Ручка в лайковой перчатке пожала его руку, и хорошенькое, улыбающееся личико в желтой шляпке показалось в окне кареты.

Из всего разговора, продолжавшегося несколько минут, я слышал только, проходя мимо, как генерал, улыбаясь, сказал:

– Vous savez, que j’ai fait voeu de combattre les infidèles; prenez donc garde de le devenir.[10]

В карете засмеялись.

– Adieu donc, cher général.[11]

– Non, à revoir, – сказал генерал, всходя на ступеньки лестницы: – n’oubliez pas, que je m’invite pour la soirée de demain.[12]

Карета застучала дальше.

«Вот еще человек, – думал я, возвращаясь домой, – имеющий всё, чего только добиваются русские люди: чин, богатство, знатность, – и этот человек перед боем, который Бог один знает чем кончится, шутит с хорошенькой женщиной и обещает пить у нее чай на другой день, точно так же, как будто он встретился с нею на бале!»

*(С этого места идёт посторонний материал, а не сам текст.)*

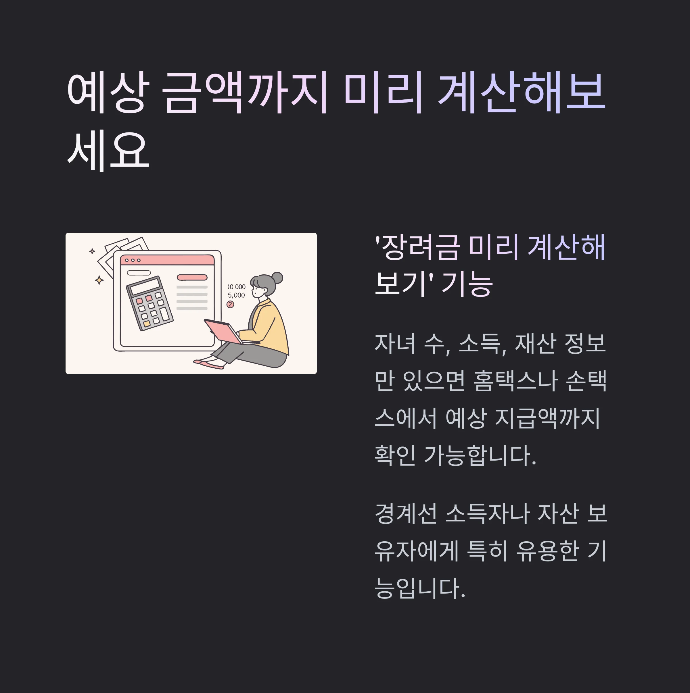 "안내문이 없어도 ‘장려금 미리 계산’ 기능으로 자격 사전 확인이 가능합니다."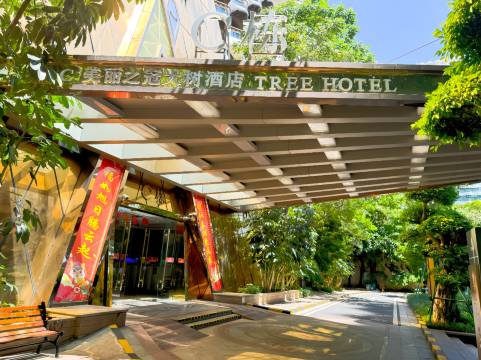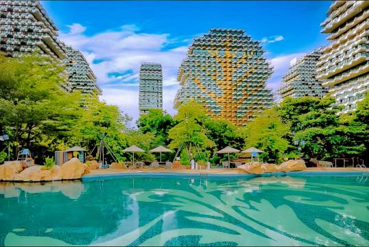 欢迎入住三亚地标建筑大树酒店,酒店内共有九栋大楼围绕梧桐树造型独立打造,造型优美,环境非常不错。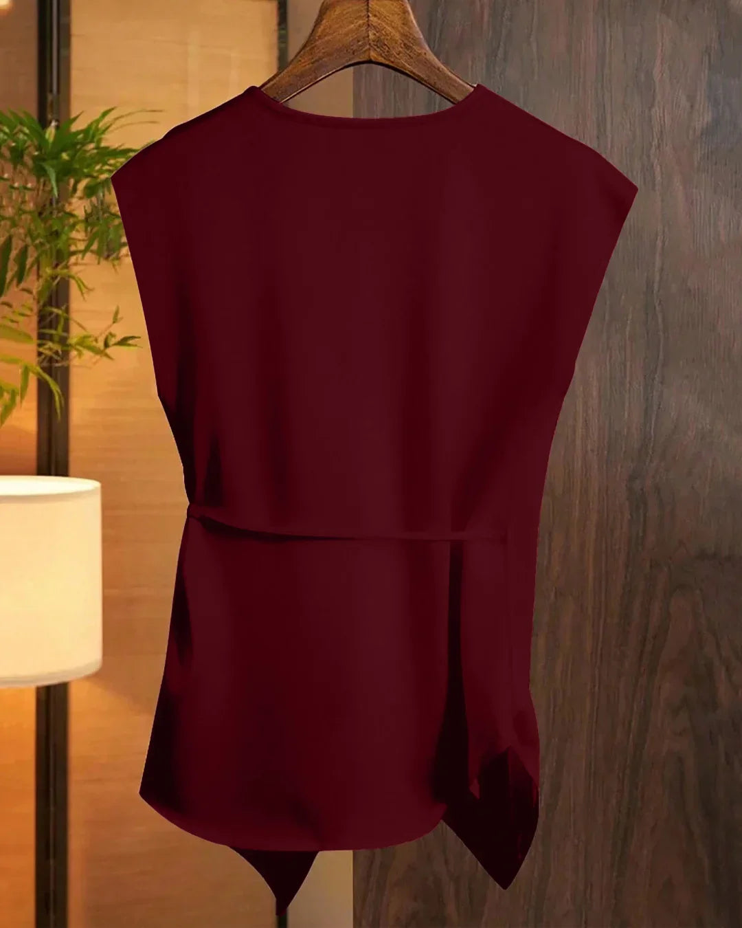 Red Solid Color Deep V-Neck Twist Knot Asymmetrical Top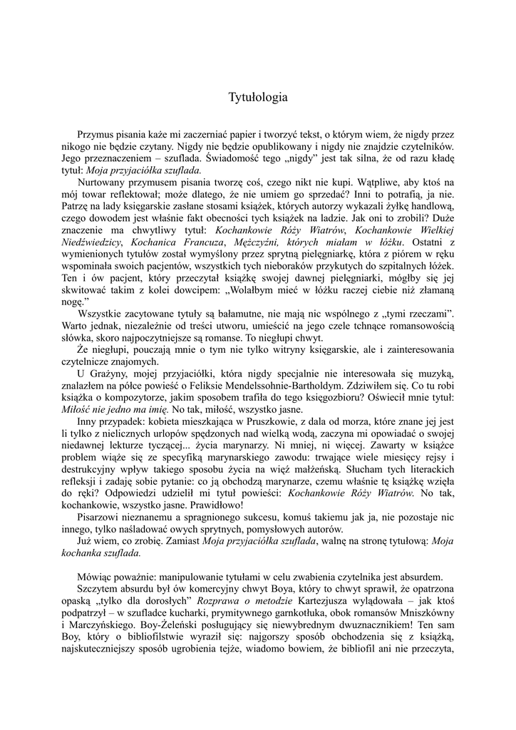Tytułologia Przymus pisania każe mi zaczerniać papier i tworzyć tekst, o którym wiem, że nigdy przez nikogo nie będzie czytany. Nigdy nie będzie opublikowany i nigdy nie znajdzie czytelników. Jego przeznaczeniem – szuflada. Świadomość tego „nigdy” jest tak silna, że od razu kładę tytuł: Moja przyjaciółka szuflada. Nurtowany przymusem pisania tworzę coś, czego nikt nie kupi. Wątpliwe, aby ktoś na mój towar reflektował; może dlatego, że nie umiem go sprzedać? Inni to potrafią, ja nie. Patrzę na lady księgarskie zasłane stosami książek, których autorzy wykazali żyłkę handlową, czego dowodem jest właśnie fakt obecności tych książek na ladzie. Jak oni to zrobili? Duże znaczenie ma chwytliwy tytuł: Kochankowie Róży Wiatrów, Kochankowie Wielkiej Niedźwiedzicy, Kochanica Francuza, Mężczyźni, których miałam w łóżku. Ostatni z wymienionych tytułów został wymyślony przez sprytną pielęgniarkę, która z piórem w ręku wspominała swoich pacjentów, wszystkich tych nieboraków przykutych do szpitalnych łóżek. Ten i ów pacjent, który przeczytał książkę swojej dawnej pielęgniarki, mógłby się jej skwitować takim z kolei dowcipem: „Wolałbym mieć w łóżku raczej ciebie niż złamaną nogę.” Wszystkie zacytowane tytuły są bałamutne, nie mają nic wspólnego z „tymi rzeczami”. Warto jednak, niezależnie od treści utworu, umieścić na jego czele tchnące romansowością słówka, skoro najpoczytniejsze są romanse. To niegłupi chwyt. Że niegłupi, pouczają mnie o tym nie tylko witryny księgarskie, ale i zainteresowania czytelnicze znajomych. U Grażyny, mojej przyjaciółki, która nigdy specjalnie nie interesowała się muzyką, znalazłem na półce powieść o Feliksie Mendelssohnie-Bartholdym. Zdziwiłem się. Co tu robi książka o kompozytorze, jakim sposobem trafiła do tego księgozbioru? Oświecił mnie tytuł: Miłość nie jedno ma imię. No tak, miłość, wszystko jasne. Inny przypadek: kobieta mieszkająca w Pruszkowie, z dala od morza, które znane jej jest li tylko z nielicznych urlopów spędzonych nad wielką wodą, zaczyna mi opowiadać o swojej niedawnej lekturze tyczącej... życia marynarzy. Ni mniej, ni więcej. Zawarty w książce problem wiąże się ze specyfiką marynarskiego zawodu: trwające wiele miesięcy rejsy i destrukcyjny wpływ takiego sposobu życia na więź małżeńską. Słucham tych literackich refleksji i zadaję sobie pytanie: co ją obchodzą marynarze, czemu właśnie tę książkę wzięła do ręki? Odpowiedzi udzielił mi tytuł powieści: Kochankowie Róży Wiatrów. No tak, kochankowie, wszystko jasne. Prawidłowo! Pisarzowi nieznanemu a spragnionego sukcesu, komuś takiemu jak ja, nie pozostaje nic innego, tylko naśladować owych sprytnych, pomysłowych autorów. Już wiem, co zrobię. Zamiast Moja przyjaciółka szuflada, walnę na stronę tytułową: Moja kochanka szuflada. Mówiąc poważnie: manipulowanie tytułami w celu zwabienia czytelnika jest absurdem. Szczytem absurdu był ów komercyjny chwyt Boya, który to chwyt sprawił, że opatrzona opaską „tylko dla dorosłych” Rozprawa o metodzie Kartezjusza wylądowała – jak ktoś podpatrzył – w szufladce kucharki, prymitywnego garnkotłuka, obok romansów Mniszkówny i Marczyńskiego. Boy-Żeleński posługujący się niewybrednym dwuznacznikiem! Ten sam Boy, który o bibliofilstwie wyraził się: najgorszy sposób obchodzenia się z książką, najskuteczniejszy sposób ugrobienia tejże, wiadomo bowiem, że bibliofil ani nie przeczyta, ani drugiemu nie pożyczy. Dobrze, a co spowodował on sam, Boy? Że Kartezjusz, nie przeczytany przez kuchtę i innych podobnych nabywców, poszedł na podpałkę. Wszystko to nie zmienia faktu, że dobry tytuł, to znaczy dobrze dobrany, nie oszukańczy – stanowi połowę sukcesu. To niekiedy 80 procent sukcesu. Wspomnienia z pobytu „na nieludzkiej ziemi”, czyli przeżycia Polaka w Bolszewii, mogą być bardzo interesujące, jednakże tytuł Na nieludzkiej ziemi nie jest nadzwyczajny. Lecz oto inny pamiętnikarz, któremu udało się unieść głowę z komunistycznego raju, zabiera się do pisania i opatruje swój tekst tytułem Między młotem a sierpem. Ta aluzja do porzekadła: „między młotem a kowadłem” jest wprost genialna. O tytułach wymyślonych przez francuskich dziennikarzy można rzec, iż są „nie pozbawione” dowcipu. Gdy Goldwater, amerykański kandydat na prezydenta, przegrał w wyborach, skwitowano to we francuskiej prasie tytułem Goldwaterloo. Gdy przyjechali na występy do Paryża dwaj skrzypkowie, ojciec i syn, Dawid i Igor Ojstrachowie, w paryskiej gazecie pojawił się tytuł Król Dawid i książę Igor (aluzja do Starego Testamentu i opery Borodina Kniaź Igor). Francuski film o mężczyźnie, który zaszedł w ciążę, zatytułowano Największe wydarzenie od czasu, gdy człowiek wylądował na Księżycu. Film o kobiecie, której męża zastrzelono na stopniach kościoła, w chwilę po zakończeniu ślubnej ceremonii, otrzymał tytuł Panna młoda w żałobie. Nie zestarzejemy się razem, jeszcze jeden dowcipny tytuł, idealnie dobrany do filmu pokazującego nie tyle miłość, co przemijającą miłostkę. Niektóre francuskie tytuły stają się przysłowiami, np. Bohaterowie są zmęczeni. Przechodzą do mowy potocznej jako porzekadła, np. Wielkie żarcie. W drodze do pracy, w codziennej pieszej wędrówce labiryntem ulic, przechodziłem obok afisza, z którego uśmiechał się Belmondo. Na twarzy pogodny uśmiech, a palec na cynglu spluwy. Sam uśmiech, gdyby widoczna była tylko głowa, mógłby mdlić. Zmarszczenie brwi plus grożenie pistoletem trąciłoby groteską. Lecz połączenie uśmiechu ze złowrogim gestem to właśnie nadsekwański esprit. A więc francuski gwiazdor w roli policjanta, gliniarza, czyli gliny. Wyraz glina widniał na afiszu jako pierwsza część tytułu. Najpierw zwróciło moj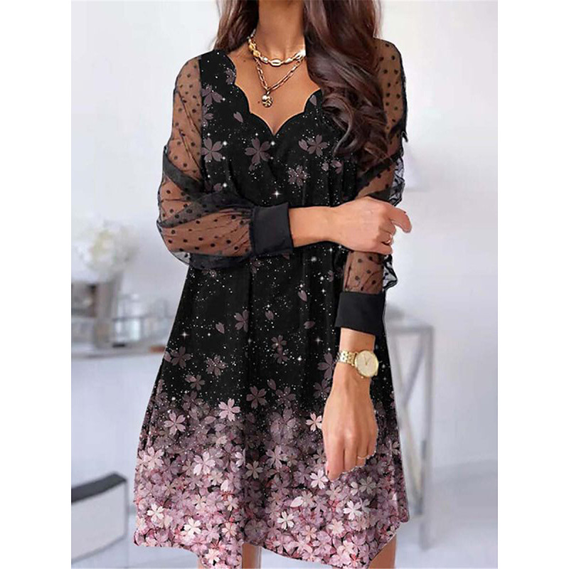 Women's Casual Dress Floral Mesh Patchwork Scalloped Neck Mini Dres...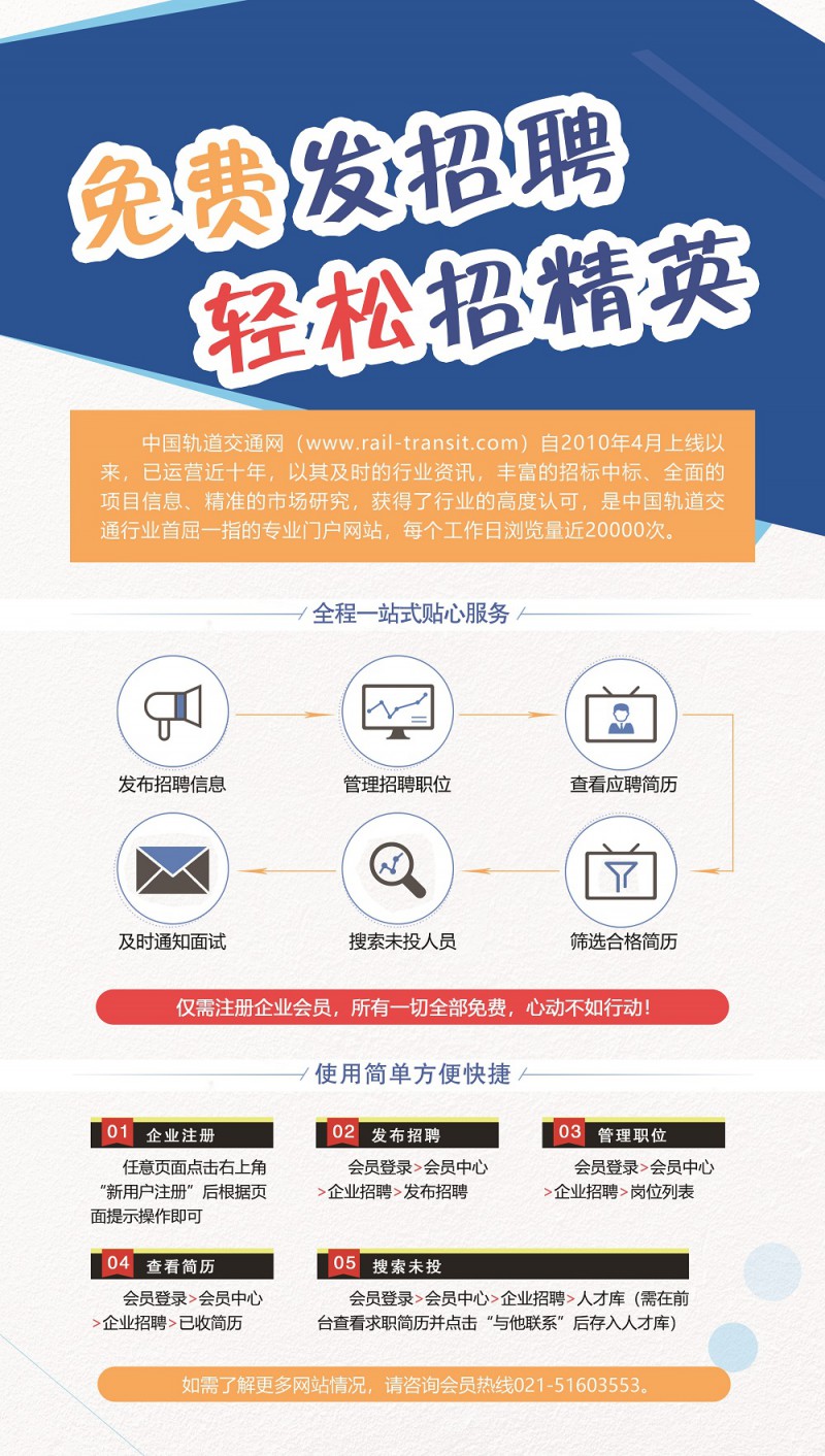 • 免費發招聘,輕松招精英-中國軌道交通網助企業招攬行業人才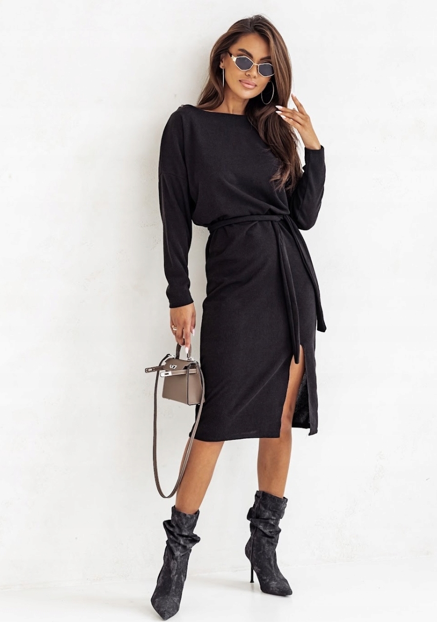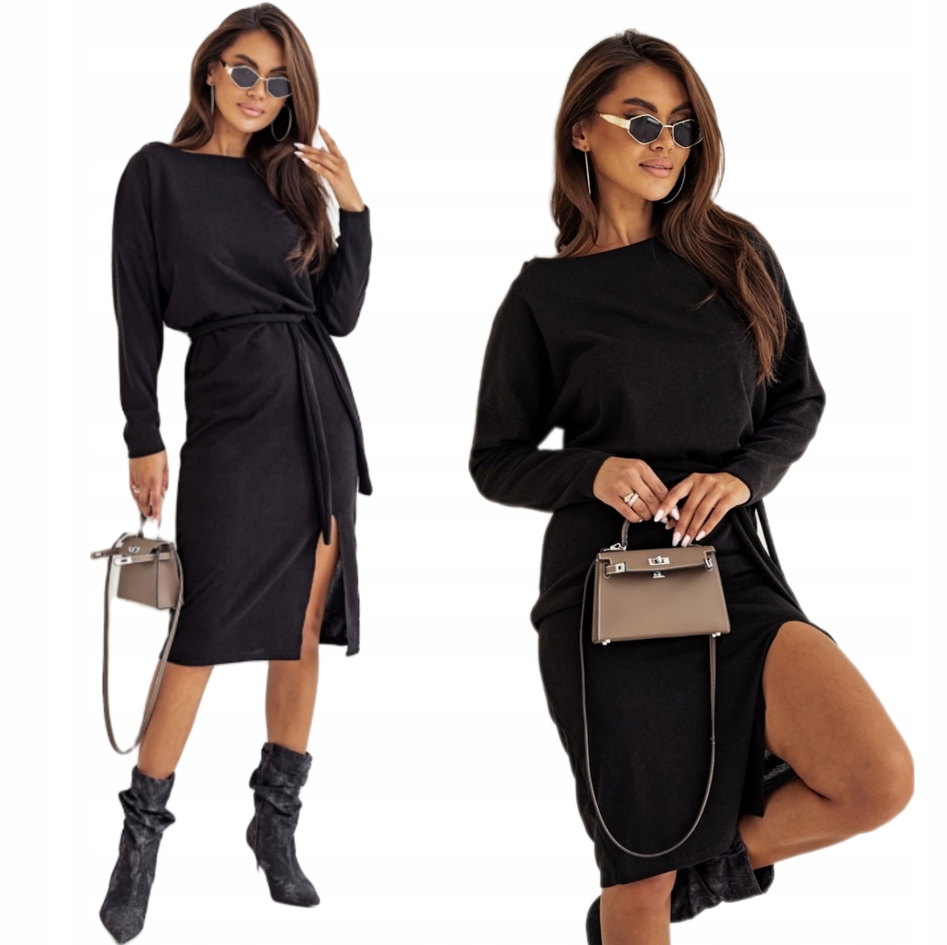 Model | PIĘKNA SWETERKOWA CIEPŁA SUKIENKA Z WIĄZANIEM MIDI |

Тут же, у этого же адъютанта, я встретил одного человека, который еще больше удивил меня: это – молодой поручик К. полка, отличавшийся своей почти женской кротостью и робостью, который пришел к адъютанту изливать свою досаду и негодование на людей, которые будто интриговали против него, чтобы его не назначили в предстоящее дело. Он говорил, что это гадость так поступать, что это не по-товарищески, что он будет это помнить ему и т. д. Сколько я ни вглядывался в выражение его лица, сколько ни вслушивался в звук его голоса, я не мог не убедиться, что он нисколько не притворялся, а был глубоко возмущен и огорчен, что ему не позволили итти стрелять в черкесов и находиться под их выстрелами; он был так огорчен, как бывает огорчен ребенок, которого только что несправедливо высекли… Я совершенно ничего не понимал.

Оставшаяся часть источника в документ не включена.